The London Fixings, for Au, Ag and Pt are an institution. Now they are under fire. Partly, it came via attempts at manipulation but the mechanisms were viewed as anachronistic, particularly for gold. How could representatives of five companies meet twice daily in a little room, thousands of miles away from the nearest mine and determine how the price of $150 billion of physical metal and ten times that in derivatives, be fixed. But it started with silver, whose annual newly mined metal value is dwarfed at $15 billion. Leading light Deutsche Bank resigned from both panels in May and it is agreed that silver fixing, in its present form, will end in August. There has been no rush of buyers for the bank’s position (it is getting out of commodities) and the London Bullion Market Association (LBMA) is frantically searching for a new benchmarking system. They speak of “a robust, transaction-based electronic system” to set the daily spot price.

Hats into the ring could include the LME, Reuters and the Chicago Merchantile Exchange (CME). Possibly ETF Securities too.

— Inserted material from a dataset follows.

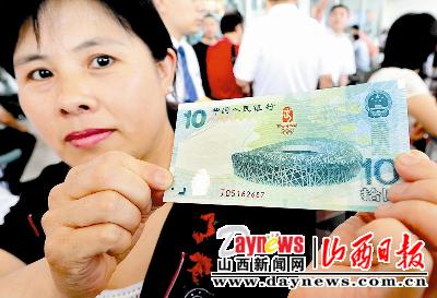 7月9日,第29届奥林匹克运动会纪念钞在省城与市民见面。在中国银行山西省分行门前,兑换纪念钞的市民排起了长龙,仅一个多小时,1000张纪念钞兑换一空,许多排队的市民空手而归。此次发行的奥运纪念钞面额为10元,市民可拿等值人民币兑换,每人限兑换一张。

WIM says: Let us not forget the Hunt Brothers silver market heist of 1979-80, when a sophisticated market manipulation pushed the price from below $4 to $48 per ounce before a crash. Silver is industrial with a major recycling component. Gold is not. The precious metals have supply and demand problems of unusual severity right now and could do without their pricing mechanism being overturned. It could turn their sectors of the stock market into a high wire act.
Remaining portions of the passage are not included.